Le Bossu: Aventures de Cape et d'Épée. Volume 6
Part 5
Celui-ci se mit aussitôt en besogne. Il y allait en vérité de bon coeur, et à mesure que l'affaissement, suite de l'ivresse, diminuait, sa tête s'exaltait à la pensée de tout le mal que Gonzague lui avait voulu faire.
--Si nous ne réglons pas notre compte dès aujourd'hui, se disait-il,--ce ne sera pas de ma faute!
Et il travaillait avec fureur, creusant un trou dix fois plus grand qu'il ne fallait pour se laisser glisser.
--Vous faites trop de bruit, marquis, disait Lagardère à son trou;--prenez garde... on va vous entendre!
Chaverny arrachait les briques, le plâtre, les lattes, et mettait ses mains en sang.
--Sandiéou! disait Cocardasse à l'étage inférieur,--quel bal danse-t-on ici dessus?

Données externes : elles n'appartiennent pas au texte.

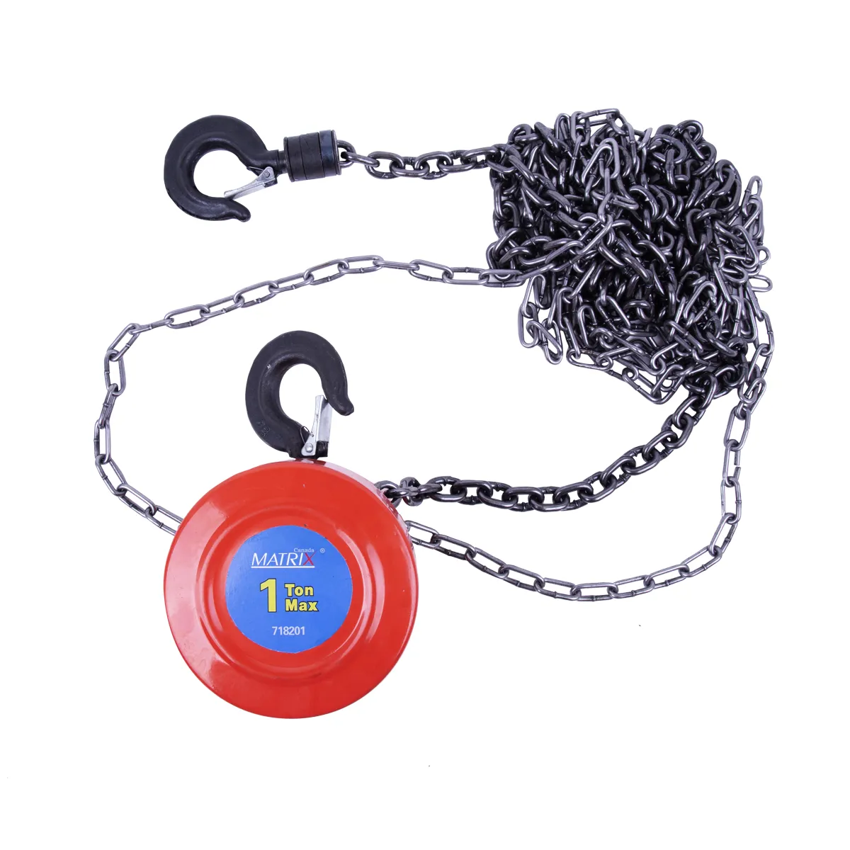 Matrix chain hoists by Toolway are designed with hardened steel chains and forged swivel hooks with latches making them tough and durable for all your hoisting needs. Perfect for work sites and garages.

--C'est peut-être un malheureux qu'on étrangle et qui se débat, repartit frère Passepoil qui avait ce matin les idées noires.
--Eh donc! fit observer le Gascon.--Si on l'étrangle, il a bien le droit de se débattre... mais je crois bien que c'est plutôt quelque fou furieux du quartier qu'on a mis en prison avant de l'envoyer à Bicêtre...
Un grand coup se fit entendre en ce moment, suivi d'un craquement sourd et de la chute d'une partie du plafond.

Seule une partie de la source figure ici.